Question

Balance the following redox reaction in the basic medium.
$C{l_2} + IO_3^ - + O{H^ - } \to IO_4^ - + C{l^ - }$
A. $C{l_2} + IO_3^ - + 3O{H^ - } \to IO_4^ - + 5C{l^ - } + {H_2}O$
B. $C{l_2} + IO_3^ - + 2O{H^ - } \to IO_4^ - + 2C{l^ - } + {H_2}O$
C. $C{l_2} + 2IO_3^ - + 2O{H^ - } \to IO_4^ - + 5C{l^ - } + {H_2}O$
D. None of these

Answer 1

Hint: When an ion loses electron, then there is an increase in its oxidation state and it is termed as oxidation and when an ion gains electron, then there is decrease in its oxidation state and it is known as reduction. A chemical reaction in which the reduction and oxidation of ions occur in the same reaction simultaneously is known as a redox reaction.
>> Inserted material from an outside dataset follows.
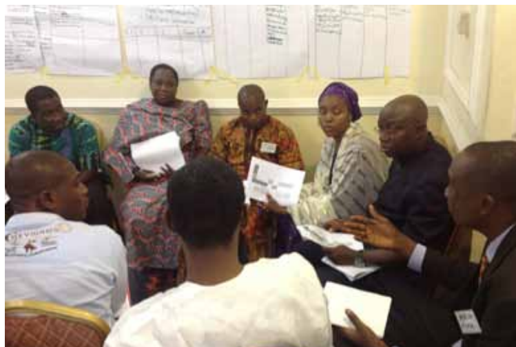
Participants in Nigeria assess their legal framework against the Checklist questions.

As the Checklist itself provides only an introduction to the key issues to consider when reviewing domestic legal frameworks for DRR, a more detailed Handbook on Law and Disaster Risk Reduction (the Handbook) has been prepared to accompany the Checklist. The Handbook provides further guidance on how to answer the Checklist questions by providing a rationale for each question, a list of the types of laws and regulations that would need to be reviewed in order to answer the questions, examples of good practices from different countries, and a set of issues to consider when answering each question. In addition, the Handbook provides information and guidance on how to undertake a legislative review process based on lessons learned from a number of countries.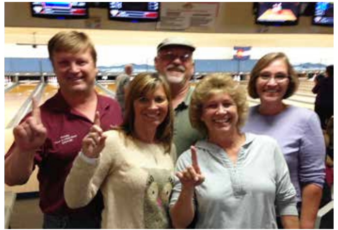
Bowling Tournament for Elks National Foundation Fund Raiser

Complete answer: As per question, the given reaction is as follows:
$C{l_2} + IO_3^ - + O{H^ - } \to IO_4^ - + C{l^ - }$
Steps to balance the given reaction in basic medium are as follows:
Step-1: Write oxidation half reaction and reduction half reaction separately for the given redox reaction.
Oxidation half reaction: $IO_3^ - \to IO_4^ - $
Reduction half reaction: $C{l_2} \to C{l^ - }$
Step-2: Except oxygen and hydrogen, balance all other elements in both oxidation and reduction half reaction i.e., the number of atoms of element must be equal in product as well as reactant.
Oxidation half reaction: $IO_3^ - \to IO_4^ - $
Reduction half reaction: $C{l_2} \to 2C{l^ - }$
Step-3: Add a water molecule to balance the oxygen atoms in the required half reaction.
Oxidation half reaction: $IO_3^ - + {H_2}O \to IO_4^ - $
Reduction half reaction: $C{l_2} \to 2C{l^ - }$
Step-4: Balance the number of hydrogen atoms by adding protons in the required half reaction.
Oxidation half reaction: $IO_3^ - + {H_2}O \to IO_4^ - + 2{H^ + }$
Reduction half reaction: $C{l_2} \to 2C{l^ - }$
Step-5: Balance the charge by adding the required number of electrons in both half reactions.
Oxidation half reaction: $IO_3^ - + {H_2}O \to IO_4^ - + 2{H^ + } + 2{e^ - }$
Reduction half reaction: $C{l_2} + 2{e^ - } \to 2C{l^ - }$
Step-6: Combine both half reactions and cancel the electrons in the reaction
$IO_3^ - + {H_2}O + C{l_2} + 2{e^ - } \to 2C{l^ - } + IO_4^ - + 2{H^ + } + 2{e^ - }$
On cancelling electrons, reaction will be as follows:
$IO_3^ - + {H_2}O + C{l_2} \to 2C{l^ - } + IO_4^ - + 2{H^ + }$
Step-7: Add hydroxide ions to balance the hydrogen ions or protons in the reaction. As in the reaction, two protons are present, so two hydroxide ions will be added to reactants as well as product. The reaction is as follows:
$IO_3^ - + {H_2}O + C{l_2} + 2O{H^ - } \to 2C{l^ - } + IO_4^ - + 2{H^ + } + 2O{H^ - }$
Step-8: ${H^ + }$ and $O{H^ - }$ ions combine to form water molecules. The reaction is as follows:
$IO_3^ - + {H_2}O + C{l_2} + 2O{H^ - } \to 2C{l^ - } + IO_4^ - + 2{H_2}O$
Step-9: As there are two moles of water in the product and one mole of water in reactant. So, one mole of water in the reactant is cancelled and only one mole of water remains in the product. The reaction is as follows:
$IO_3^ - + C{l_2} + 2O{H^ - } \to 2C{l^ - } + IO_4^ - + {H_2}O$
Hence, the balanced chemical reaction for the given ionic equation is $C{l_2} + IO_3^ - + 2O{H^ - } \to IO_4^ - + 2C{l^ - } + {H_2}O$
So, option (B) is the correct answer.

Note:
It is important to note that bases when dissolved in aqueous solution give hydroxide ions i.e., $O{H^ - }$ ions, hence balancing redox reaction in basic medium requires adding hydroxide ions to balance the reaction whereas in acidic medium, ${H^ + }$ are added to balance the ionic redox reaction.